Maine is still not taking full advantage of its “yellow flag” law to temporarily confiscate firearms from people who are a threat to themselves or others, according to a panel that reviews police shootings in the state.

But officials have finally put a telehealth system in place that could change that.

The Maine Deadly Force Review Panel published its annual report this week and again called for more connections between police and mental health service agencies.

The 15-member panel has reviewed 20 shootings by police since its creation in 2019. Twelve resulted in deaths. In every case, the person involved was a white male, often living in a rural and isolated area, and known in the community to be violent. Three-quarters were experiencing mental health crises, and all had a weapon at hand. Others had a history of substance use and domestic violence.
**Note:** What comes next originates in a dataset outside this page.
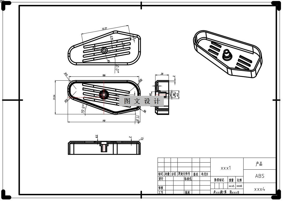 本模具设计的课题是外壳,针对其进行了相关的工艺设计和模具设计。设计中利用CAD和UG对其进行计算与设计,提高了模具设计合理性。介绍了注塑成型的基本原理,利用双分型面与阶梯分型面组合模具的结构,详细介绍了冷流道注射模具浇注系统和顶出系统的设计过程,并对模具强度做了说明。本模在结构设计,缩短生产周期上,有利于增加模具使用寿命。

“When we’re looking at the use of deadly force in the state of Maine, the themes are consistent across all the reviews that have been done now for many years,” said Francine Garland Stark, co-chair of the deadly force panel and executive director of the Maine Coalition to End Domestic Violence.

The most recent report includes a number of recommendations, including more training in the use of less-lethal weapons and a common records management system.


“What we have been recommending in all of our reports is really an increased collaboration between our law enforcement and people that are providing services across all those issues of mental health treatment, substance use disorder treatment, domestic violence intervention,” Garland Stark said.

The Office of the Maine Attorney General already reviews each police shooting to determine if it was legally justified – and in every case in modern times, the office has found that police acted within the law. But that process does not ask why shootings occur or what forces aligned to bring a person into a deadly conflict with police.

The review panel aims to fill in those gaps. Its mandate is to report on how the state can enhance the safety of the public and police officers.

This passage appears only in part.